Winter 2022 complete list with abstracts
Tuesday, March 15, 2022: Chengchun Shi (LSE)
- A reinforcement learning framework for dynamic causal effects evaluation in A/B testing
- Discussant: Will Wei Sun (Purdue University)
- Abstract: A/B testing, or online experiment is a standard business strategy to compare a new product with an old one in pharmaceutical, technological, and traditional industries. Major challenges arise in online experiments of two-sided marketplace platforms (e.g., Uber) where there is only one unit that receives a sequence of treatments over time. In those experiments, the treatment at a given time impacts current outcome as well as future outcomes.
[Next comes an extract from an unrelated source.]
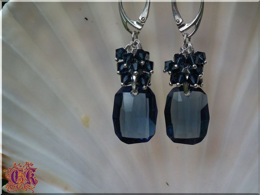 Prezentowane na zdjęciach kolczyki - śliczne i zarazem ekskluzywne, wykonane zostały w całości ze srebra (pr.925) oraz oryginalnych kryształków swarovskiego takich jak - graphic denim blue 19mm oraz bicone 4mm dopasowane do koloru migdałka. Bigle angielskie pr.925.

In this talk, we introduce a reinforcement learning framework for carrying A/B testing in these experiments, while characterizing the long-term treatment effects. Our proposed testing procedure allows for sequential monitoring and online updating. It is generally applicable to a variety of treatment designs in different industries. In addition, we systematically investigate the theoretical properties of our testing procedure. Finally, we apply our framework to both simulated data and a real-world data example obtained from a ridesharing company to illustrate its advantage over the current practice.
[Video] [Slides] [Discussant slides]Tuesday, March 8, 2022: Yuansi Chen (Duke University)
- Domain adaptation under structural causal models
- Discussant: Biwei Huang (CMU)
- Abstract: Domain adaptation (DA) arises as an important problem in statistical machine learning when the source data used to train a model is different from the target data used to test the model. Recent advances in DA have mainly been application-driven and have largely relied on the idea of a common subspace for source and target data. To understand the empirical successes and failures of DA methods, we propose a theoretical framework via structural causal models that enables analysis and comparison of the prediction performance of DA methods. This framework also allows us to itemize the assumptions needed for the DA methods to have a low target error. Additionally, with insights from our theory, we propose a new DA method called CIRM that outperforms existing DA methods when both the covariates and label distributions are perturbed in the target data. We complement the theoretical analysis with extensive simulations to show the necessity of the devised assumptions. Reproducible synthetic and real data experiments are also provided to illustrate the strengths and weaknesses of DA methods when parts of the assumptions in our theory are violated.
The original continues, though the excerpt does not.